The Jewish Studies Department at Tulane University and the Stacy Mandel Palagye and Keith Palagye Program for Middle East Peace will hold an Israeli Film Festival at Tulane on Oct. 26 and 27.
Shai Ginsburg, the Andrew Mellon Assistant Professor for Hebrew and Jewish Studies at Duke University, will be the main speaker. His field is in Israeli and Jewish cinema.
The festival begins with “Life in Stills” at 5 p.m. and “The Hangman” at 7 p.m. Both films will be in LBC Stibbs, room 203.
“Life in Stills” is about a 96-year-old woman in Israel and how she joined with her grandson in an attempt to save her late husband’s life work — about one million negatives depicting Israel’s defining moments — when “The Photo House” was slated for demolition. It won Best Film at the Israeli Films Competition in 2011.
“The Hangman” is the story of Shalom, a Sephardi prison warden who was the hangman for Adolf Eichmann following the Nazi officer’s conviction. He later became a ritual slaughterer, but continued to carry “a national burden that dramatically shaped his life.”
“The Garden of Eden” will be screened at noon on Oct. 27, followed by “Life Sentences” at 2 p.m. Both films will be in the Jewish Studies conference room.
“The Garden of Eden” is a 2012 film about the Sakhne, one of the largest and most-visited parks in Israel. The film progresses through a year of season changes and looks at the wide range of Israeli society through the stories of people who work there and who visit.

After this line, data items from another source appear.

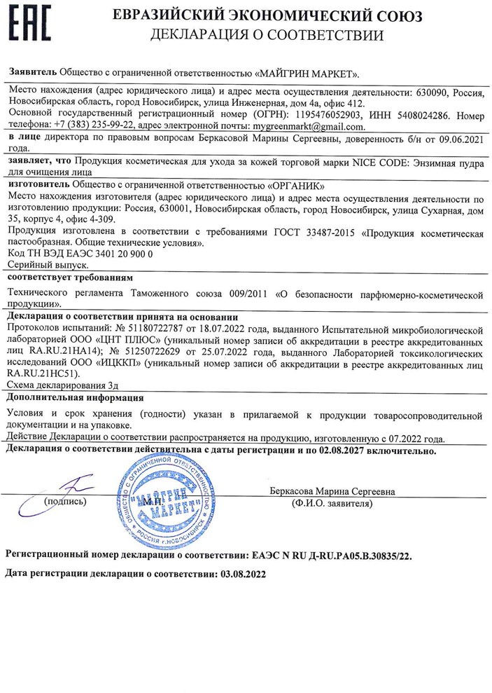 Основные преимущества энзимной пудры Nice Code:
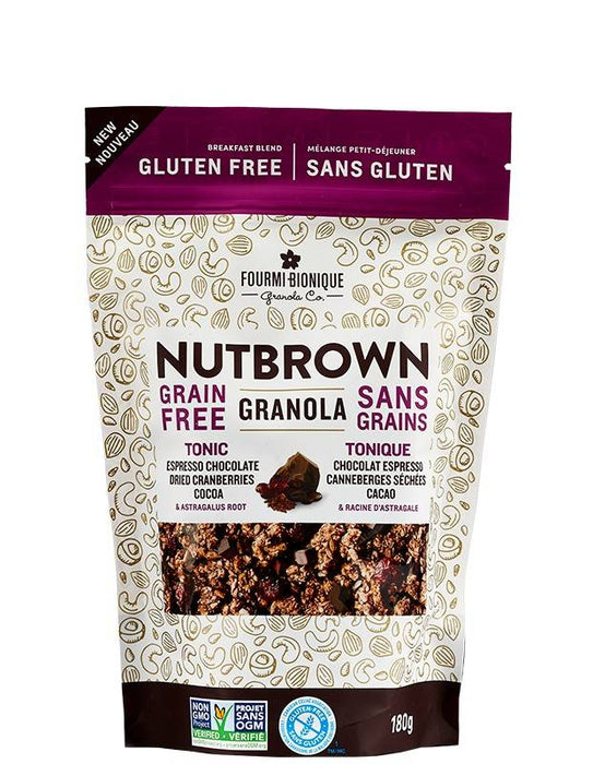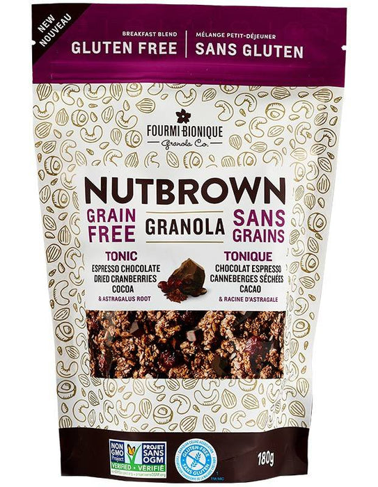Le granola paléo sans gluten Nutbrown Tonique est un mariage de notes acidulées qui offre une expérience unique pour les sens. Chocolat noir expresso biologique et équitable et canneberges québécoises, ce mélange sans céréales ravira les amoureux du café à la recherche d'un granola sain.
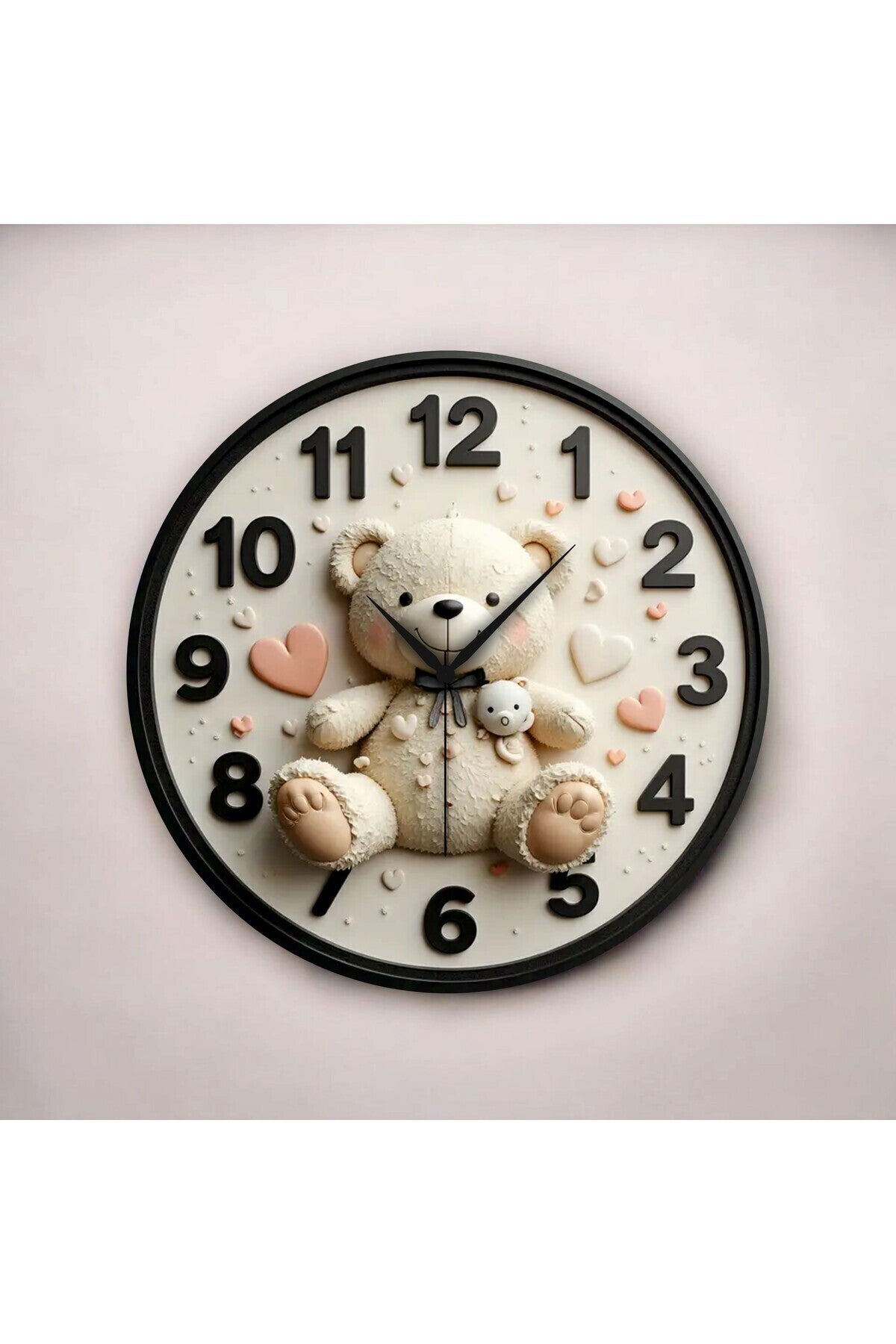 Renkli Baskı Ayıcık Çocuk Desenli Sayılı Hediyelik Ahşap Sessiz Tablo Duvar Saati
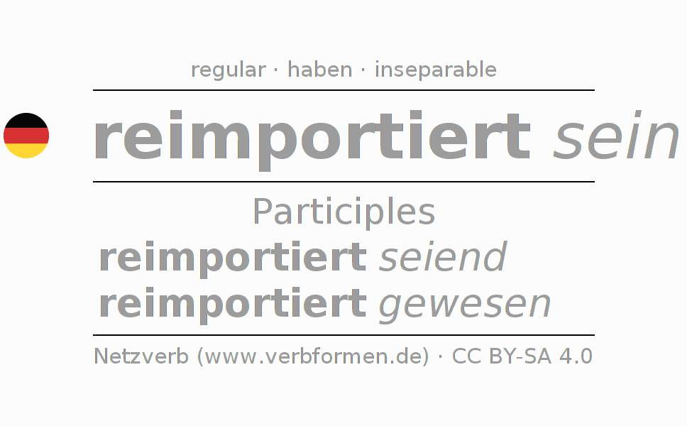 The conjugation of reimportieren in Participle Present Perfect part of speech Statal Passive is reimportiert seiend, reimportiert gewesen.The conjugation corresponds to certain grammatical rules. Likewise the requirements for the conjugation of the simple verb forms of reimportieren in Participle. Comments ☆
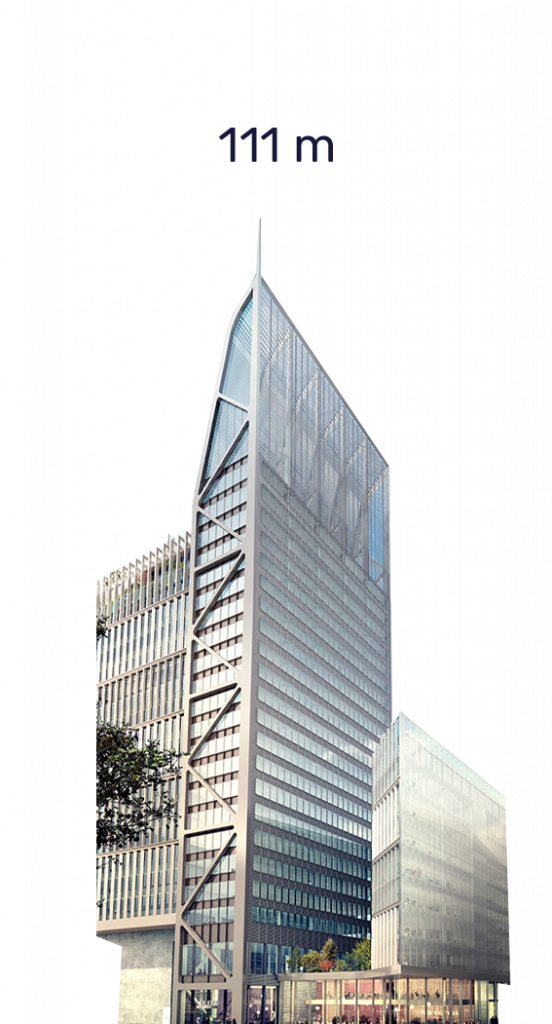 Construction d’une tour de bureaux (IGH) dans le quartier d’affaires de la Part-Dieu à Lyon. Le projet prévoit de réhabiliter les 18 niveaux existants de la tour EDF, d’accoler contre la façade nord de la tour existante, une deuxième tour de 23 niveaux, d’intégrer un socle commun (comprenant un auditorium, un restaurant interentreprises, une conciergerie et un parking) et de réaliser un bâtiment de 8 niveaux.

“Life Sentences” won Best Documentary at the 2013 Jerusalem Film Festival. It is about an Arab man who marries a Jewish woman, living quietly with their children. It is later discovered that he was behind numerous mysterious terror attacks in the late 1960s, prompting the woman to flee with their young children, eventually landing in Montreal’s Orthodox community. The film centers on identity and the son’s eventual journey back to Israel and shedding of all labels.